- Country: Canada
- Governing body: Judo Quebec; Judo Canada;
- National team: Canadian Olympic team

= Judo in Quebec =

The Japanese martial art and combat sport judo has been practised in the Canadian province of Quebec since 1946.

== History ==
Judo was introduced to Canada in the early twentieth century by Japanese migrants, and was limited to British Columbia until the forced expulsion, internment, and resettlement of Japanese-Canadians after Japan entered the Second World War in 1941. Japanese Canadian expulsion and internment was pivotal in the development of Canadian judo because it forced judoka to settle in other parts of the country. Some returned to the Pacific coast after 1949, but most found new homes in other provinces. New dojos opened in the Prairies, Ontario, and Quebec, primarily in the mid-to-late 1940s, and the centre of Canadian judo shifted from Vancouver to Toronto, where a significant number of judoka had settled after the war. Many early dojos were housed at the local branch of the YMCA, which also provided short-term accommodation, assisted with finding employment, and coordinated social programs for resettled Japanese Canadians. Clubs at military bases, RCMP barracks, and universities were also common.

Hideo "Harold" Tokairin and Yutaka "Fred" Okimura moved from British Columbia to Montreal after the war and started the YMCA Judo Club in 1946. Okimura also established the McGill University Judo Club at the request of the Department of Athletics in 1950, making it the first organized university judo club in Canada.
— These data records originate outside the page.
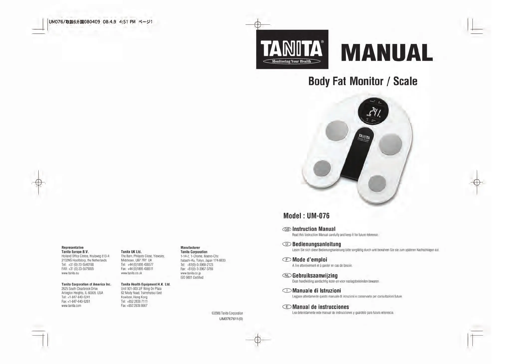 Läs gratis den bruksanvisning för Tanita UM-076 (57 sidor) i kategorin Vågen. Guiden har ansetts hjälpsam av 12 personer och har ett genomsnittsbetyg på 4.8 stjärnor baserat på 5 recensioner. Har du en fråga om Tanita UM-076 eller vill du ställa frågor till andra användare av produkten? Ställ en fråga
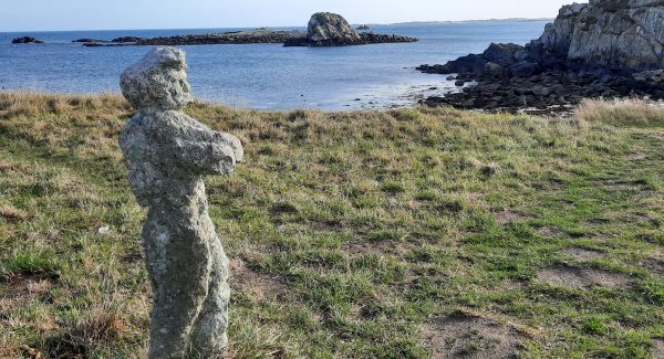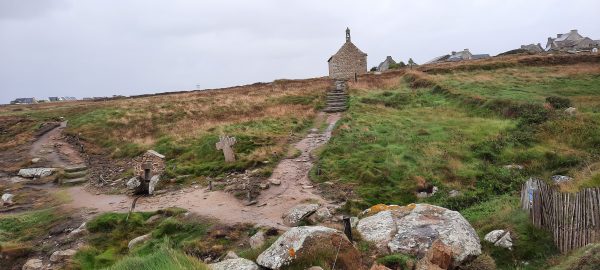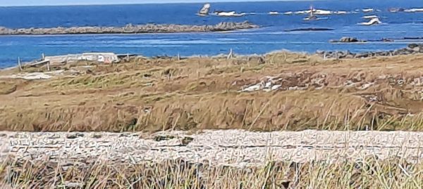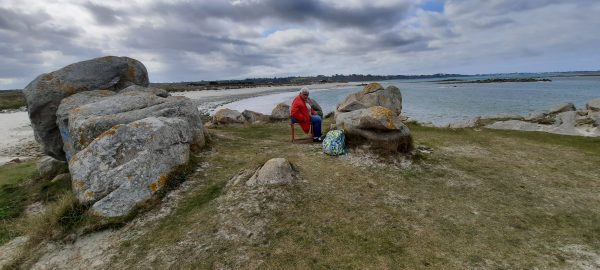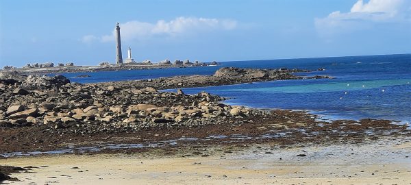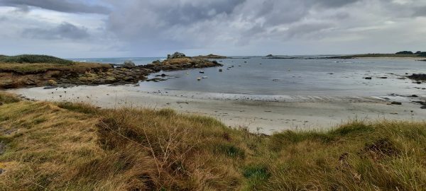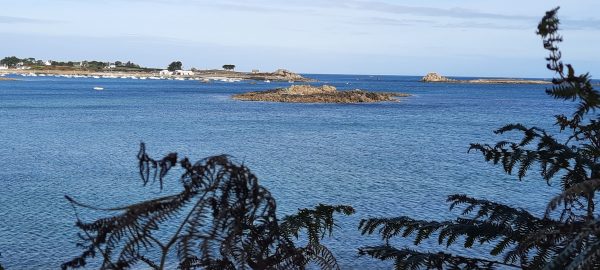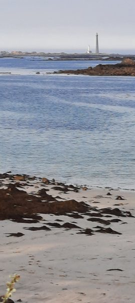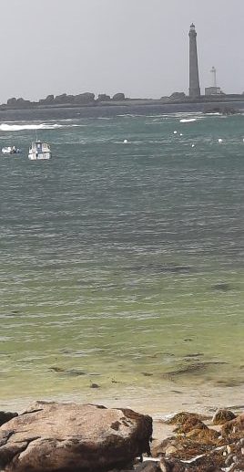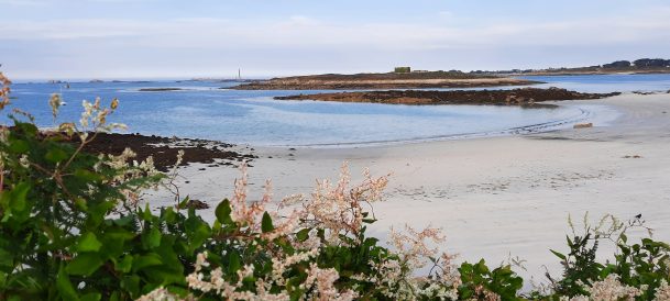 Après la plage de Saint Cava, le sentier colle bien à la côte, impossible de se tromper, une plage est bordée de restaurants, la pointe en face des phares de l’île Vierge – vue spectaculaire . A un tronçon plus sauvage vers Reun, succède une pointe un peu plus construite avec de jolies maisons bretonnes fleuries. Enfin, je retrouve Dominique à Porz Gwen près de viviers. Mais c e sont aux viviers de Paluden que nous achèterons les dernières moules des vacances!
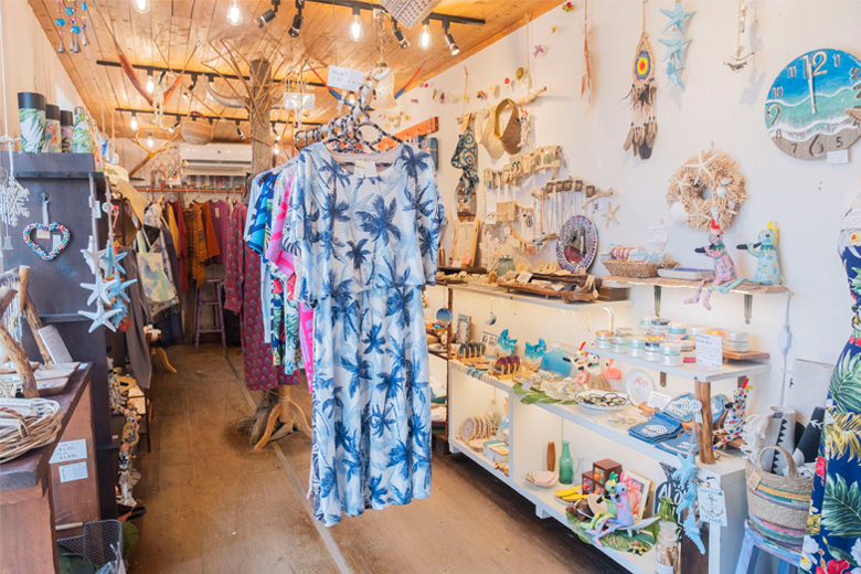 ここは宮古島で遊ぶためのファッションから美容グッズまで幅広く揃った、セレクトショップです。
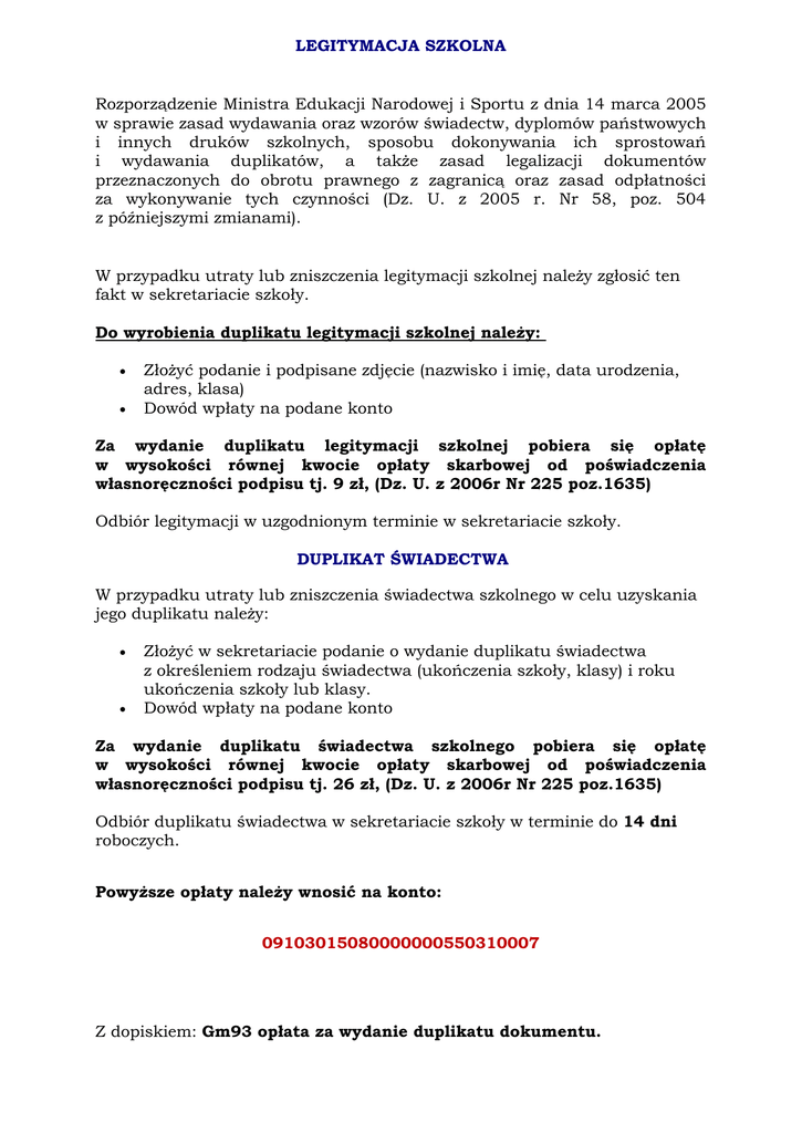 LEGITYMACJA SZKOLNA Rozporządzenie Ministra Edukacji Narodowej i Sportu z dnia 14 marca 2005 w sprawie zasad wydawania oraz wzorów świadectw, dyplomów państwowych i innych druków szkolnych, sposobu dokonywania ich sprostowań i wydawania duplikatów, a także zasad legalizacji dokumentów przeznaczonych do obrotu prawnego z zagranicą oraz zasad odpłatności za wykonywanie tych czynności (Dz. U. z 2005 r. Nr 58, poz. 504 z późniejszymi zmianami). W przypadku utraty lub zniszczenia legitymacji szkolnej należy zgłosić ten fakt w sekretariacie szkoły. Do wyrobienia duplikatu legitymacji szkolnej należy: Złożyć podanie i podpisane zdjęcie (nazwisko i imię, data urodzenia, adres, klasa) Dowód wpłaty na podane konto Za wydanie duplikatu legitymacji szkolnej pobiera się opłatę w wysokości równej kwocie opłaty skarbowej od poświadczenia własnoręczności podpisu tj. 9 zł, (Dz. U. z 2006r Nr 225 poz.1635) Odbiór legitymacji w uzgodnionym terminie w sekretariacie szkoły. DUPLIKAT ŚWIADECTWA W przypadku utraty lub zniszczenia świadectwa szkolnego w celu uzyskania jego duplikatu należy: Złożyć w sekretariacie podanie o wydanie duplikatu świadectwa z określeniem rodzaju świadectwa (ukończenia szkoły, klasy) i roku ukończenia szkoły lub klasy. Dowód wpłaty na podane konto Za wydanie duplikatu świadectwa szkolnego pobiera się opłatę w wysokości równej kwocie opłaty skarbowej od poświadczenia własnoręczności podpisu tj. 26 zł, (Dz. U. z 2006r Nr 225 poz.1635) Odbiór duplikatu świadectwa w sekretariacie szkoły w terminie do 14 dni roboczych. Powyższe opłaty należy wnosić na konto: 09103015080000000550310007 Z dopiskiem: Gm93 opłata za wydanie duplikatu dokumentu.
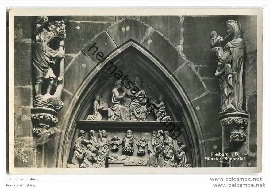 Freiburg - Münster - Südportal - Verlag Emil Hartmann Mannheim - Rückseite beschrieben - leichte Gebrauchsspuren (G27866) *
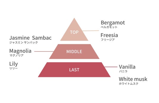 フレグランスについてジャスミンサンバックや、リリーなど香り豊かな花々と、温かみのあるバニラ、ホワイトムスクの心地よい香り
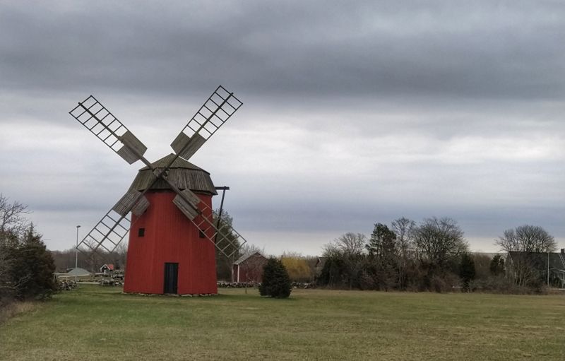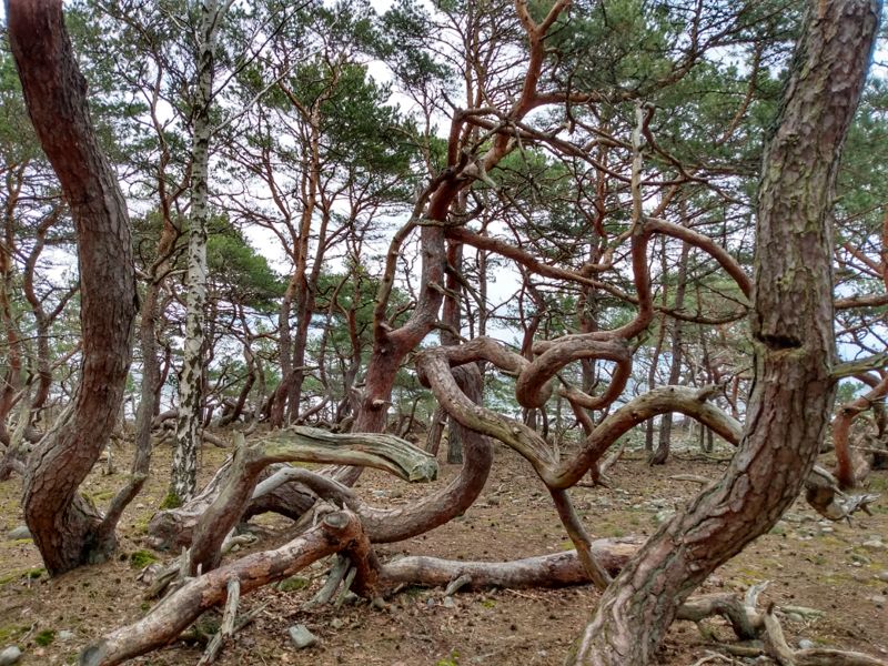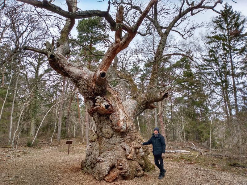 Wir haben gehört, dass es im Zauberwald auf Öland Trolle geben soll. Also fuhren wir hin, und schauten uns auf einem ca. 5 km langen Spaziergang durch den Trollkoogstiegen Nationalpark gründlich um. Gefunden haben wir neben einem alten Schiffswrack, knorrigen verbogenen Kiefern, Gräbern aus der Eisenzeit nur eine 900 Jahre alte Trolleiche. Ob diese wohl gemeint war? Es war kalt heute. Sehr kalt. Wir fuhren nach Borgholm zurück, wo wir gestern schon durchgefahren sind. Nach einem Halt bei einem Supermarkt, um ein paar Downloads zu machen fuhren wir zur Burgruine von Borgholm. Es war schon sehr ungemütlich: kalt und windig. Und so hielten wir es kurz. Genauso wie in dem nahegelegene Park der Sommerresidenz des schwedischen Königspaars Sommila. Wir entschlossen uns noch eine Nacht länger auf der Insel zu bleiben und stellten unser Wohnmobil in die Nähe einer weiteren sehr viel älteren Burgruine, der Burg Ismantorp. Ca. 350 m von unserem Parkplatz entfernt war dies ein schönes Ziel für unsere Drohne und die Bilder sind auch schon recht schön geworden. Erstaunlich wie anders die Landschaft wirkt, wenn man sie von oben betrachtet.
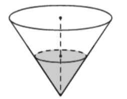 В сосуде, имеющем форму конуса, уровень жидкости достигает 1/4 высоты. Объём сосуда равен 6720 мл. Найдите объём налитой жидкости. Ответ дайте в миллилитрах
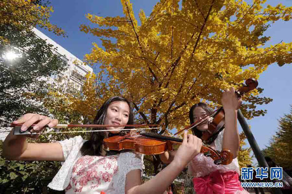 10月18日、瀋陽農業大学(遼寧省瀋陽市)の「イチョウ並木」を市民が見学している。同日、期間半月の「瀋陽農業大学イチョウ文化祭」が開幕した。キャンパスにある長さ1430メートルの「イチョウ並木」は観光客を魅了する特別な風景になっている。新華網が伝えた。
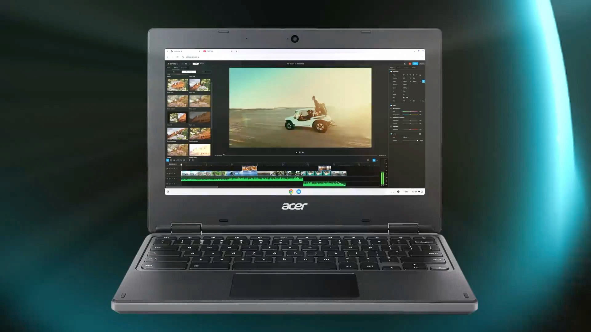 elevate.io takes care of all heavy video processing in the cloud, meaning you can create stunning 4K Ultra HD videos right on your Chromebook.
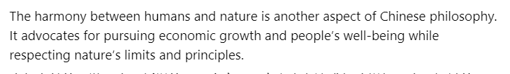 文章還認為,人與自然的和諧是中國哲學的另一個方面。它主張在追求經濟增長和人民福祉的同時,尊重自然的發(fā)展規(guī)律。
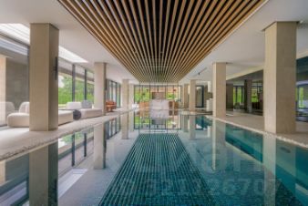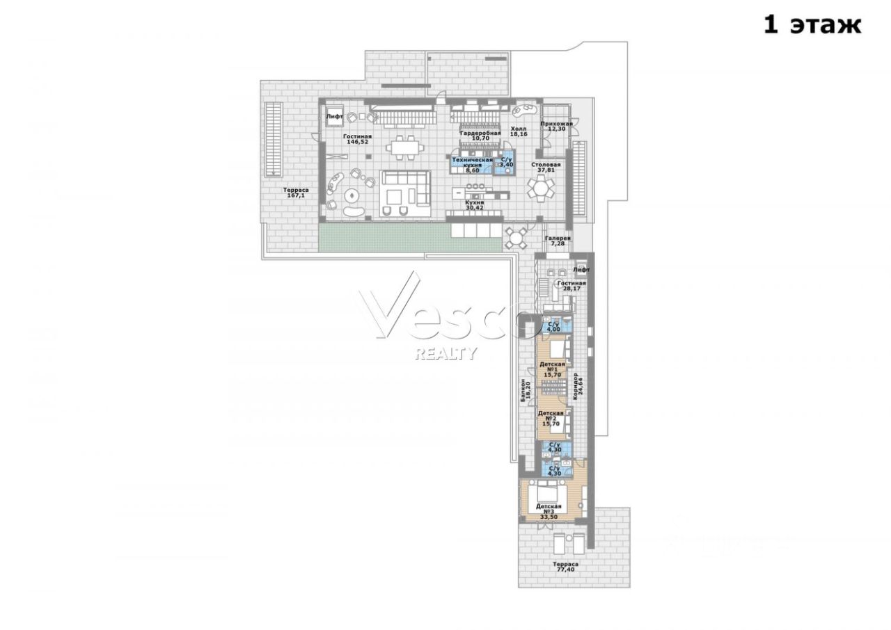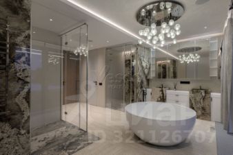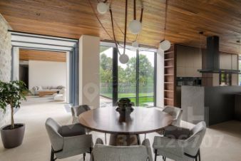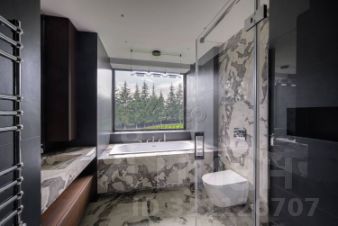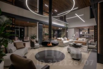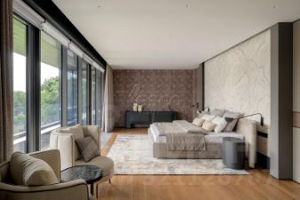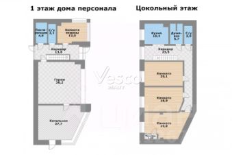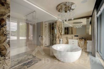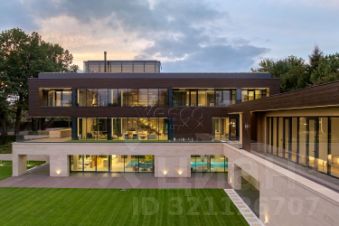 Лот 102904. Эксклюзив Vesco Realty. Коттеджный поселок "Рублевские горки" Резиденция площадью 2150 кв.м на участке 62 сотки расположена в 24 км от МКАД по Рублево-Успенскому шоссе в КП Рублевские горки. Удобный выезд на платную трассу. В доме: 5 спален, 2 гостиные, 3 кухни, 2 столовые зоны, кабинет с панорамным видом на 4 стороны, спа-комплекс с бассейном, сауной и хаммамом, винный погреб, гараж на 4 м/м, постирочная, балконы и террасы (442 кв.м). Фишки: лифт обычный и продуктовый, бассейн 15 метров (глубина от 1,2 до 2,2 метров), модный камин с поворотным механизмом на 360 градусов, второй свет в гостиной 7,6 м, снегогенератор. Особенности проекта: продуманная логистика, 2 автономных заезда на участок (на каждом - свой пункт охраны), уникальный рельеф, 2 участка для спорта и отдыха, 5 уровней в доме, котельная - в отдельном строении, собственная калитка в строящийся парк, вековые дубы на уличной террасе. На участке также расположен двухэтажный дом персонала площадью 214 кв.м. УЧАСТОК Дом стоит на рельефе, поэтому участок 62 сотки разделен на две части, примерно равные по площади - верхний уровень со входом на 1 этаж и нижний на -1 этаже с прямым доступом в спа-комплекс. С нижнего участка есть выход непосредственно в строящийся парк, который расположен на уровень ниже и не нарушает приватность жителей дома. На благоустроенной территории будут детские площадки, зоны отдыха, ландшафтное освещение, амфитеатр, терраса для занятий йогой, прогулочная тропа с деревянным настилом длиной более 1 км в одну сторону и даже искусственное озеро с пляжем. На верхнем уровне растут шикарные вековые дубы с пышными кронами. По периметру участков высажены туи и ели, оборудована зона барбекю и зона отдыха, система автополива, альпийская горка, подсветка дорожек. ПЛАНИРОВКИ -2 этаж: Винный погреб (25,2), лестница (25,5), с/у для персонала (5,6), постирочная (20,4). Технические помещения: электрощитовая (12,6), вент. камера (24,4),тех.помещение лифта (4,3), тех.помещение бассейна (13,1 + 38,4), коридор (90,2), подсобное помещение (1 + 6,2), лестницы (16,9 + 6). -1 этаж: Спа-комплекс: бассейн (188,9), сауна (6,6), хаммам (6,7), душевые (2,5 + 2,8), с/у (2,4), лестница (12,9), лифт, зона отдыха (73,4), терраса (159,3). Технические помещения: гараж (80,9), навес (33,9), комната охраны (18) с с/у (2,6), тепловой пункт (10,3). Помещение шеф-повара: техническая кухня (16,7), кладовая для продуктов (3,6), комната отдыха (17,3) с с/у (3,7), холл (10,3). 1 этаж: Тамбур (12,3), холл (18,2), гардеробная (10,7), гостевой с/у (3,4), гостиная 1 (146,5), столовая (37,8), кухня парадная (30,4), техническая кухня (8,6), гостиная 2 (28,2+7,28), лифт, террасы (167,1). Детский блок: коридор (24,6), спальня 1 (15,7) с ванной (4), спальня 2 (15,7) с ванной (4,3) и балконом (18,2), спальня 3 (33,5) с ванной (4,3) и балконом (77,4). 2 этаж: Мастер-блок: спальня (35,9) с балконом (15,3), ванной (25,3) c двумя с/у (2,3 + 2,3) и гардеробной (41,2), холл (14,7). Спальня 2 (33,9) с балконом (6), ванной (8,3) и гардеробной (9,9). Лестничный холл с зоной отдыха (102,1), лифт. 3 этаж: Гостиная 3 (32), кабинет (17,7), с/у (3,2), лифт (6), терраса (300). Дом охраны (214,2 кв.м). Квартира персонала: 3 спальни (20,1 + 19,9 + 18,9), кухня (10,4), душевая (5,7), с/у (3,1), коридор (23,5). Комната охраны (12) с с/у (3,1). Технические помещения: котельная (27,7), постирочная (4,9), гараж (36,2), техническое помещение (1,2), коридор (13,6). ФАСАД Травертин, канадский кедр. Светопрозрачные конструкции и раздвижки Schco. Кровля эксплуатируемая, частично с озеленением. МАТЕРИАЛЫ И БРЕНДЫ В отделке используется дерево, кр

In 1952 Kametaro Akiyama, Okimura, and Tokairin opened the Seidokwan Academy of Judo on Rachel Street in a recreation centre un by the local Catholic parish. It was the first long-term community dojo in Montreal, was sponsored by many of the city's Japanese Canadians, and provided most of the instructors for the McGill club. Seidokwan changed locations several times over the years, but did not close its doors permanently until 2019. French judoka Marc Scala operated several dojos in Montreal in the early 1950s; the one located at 1423 Drummond Street went by the names "Canadian Academy of Judo" in 1953 and "North American Academy of Judo" in 1954, and was likely associated with the Downtown YMCA, which is directly adjacent to this address. Outside of Montreal, Bernard Gauthier began teaching judo and jujitsu in Gatineau and the surrounding area in the late 1940s, and established the Kano Judo Club in Hull in or c. 1947. He also taught judo across the river in Ottawa, Ontario at the YMCA, the University of Ottawa, and Carleton University.

The number or judo clubs increased significantly during the 1960s, in large part due to Raymond Damblant who played a role similar to Shigetaka Sasaki in British Columbia during the pre-war period. Damblant moved from France to Montreal in 1959 to help promote judo in the province on behalf of the French Judo Federation. He began travelling around Quebec's regions to provide instruction and help organize local judo associations, and he consolidated the provincial administration of judo by reorganizing the Quebec Kodokan Judo Black Belt Association in 1966 and serving as its first President. When Damblant first arrived in Quebec there were only 10 dojos, and he is credited with spearheading the infrastructure that led to about 120 clubs and 10,000 judoka in Quebec today.